The replication setup is a standard 3-node replica set. The nodes run in separate VirtualBox VMs with bridged networking. The network interfaces are connected to TAP interfaces on the host and connected together using a bridge device. In the test in question, a single client running on the host updates numbers in collection 'test' on the cluster one at a time.
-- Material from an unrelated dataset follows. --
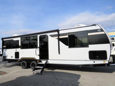 Sleeps 5 Slides 1 Length 34 ft Ext Width 8 ft Ext Height 11 ft 4 in Hitch Weight 875 lbs Dry Weight 6938 lbs Cargo Capacity 2737 lbs Fresh Water Capacity 38 gals Grey Water Capacity 96 gals Black Water Capacity 30 gals Available Beds Custom King Refrigerator Type 12V Refrigerator Size 10.7 cu ft Cooktop Burners 3 Shower Size 36" x 30" Number of Awnings 1 Water Heater Type On Demand Tankless AC BTU 31500 btu TV Info LR TV Awning Info 20' w/LED Lights Axle Count 2 Washer/Dryer Available Yes Shower Type Walk-In Shower Similar Travel Trailer Floorplans

A failure is introduced by killing network connection of one of the VMs by setting packet loss on its TAP interface to 100% with netem.
Snippet from mongodb.log of Node 2 when it became master:
Wed Jul 4 16:44:37 [rsHealthPoll] DBClientCursor::init call() failed
Wed Jul 4 16:44:37 [rsHealthPoll] replSet info test1:27017 is down (or slow to respond): DBClientBase::findN: transport error: test1:27017 query:
Wed Jul 4 16:44:37 [rsHealthPoll] replSet member test1:27017 is now in state DOWN
Wed Jul 4 16:44:37 [rsMgr] replSet info electSelf 2
Wed Jul 4 16:44:37 [rsMgr] replSet PRIMARY
Snippet from mongodb.log of Node 3 when it formed new cluster with Node 2:
Wed Jul 4 16:44:37 [conn190] replSet info voting yea for test2:27017 (2)
Wed Jul 4 16:44:37 [rsHealthPoll] couldn't connect to test1:27017: couldn't connect to server test1:27017
Wed Jul 4 16:44:38 [rsHealthPoll] replSet member test2:27017 is now in state PRIMARY
Wed Jul 4 16:44:38 [rsMgr] replSet info two primaries (transiently)
Wed Jul 4 16:44:44 [rsMgr] replSet info two primaries (transiently)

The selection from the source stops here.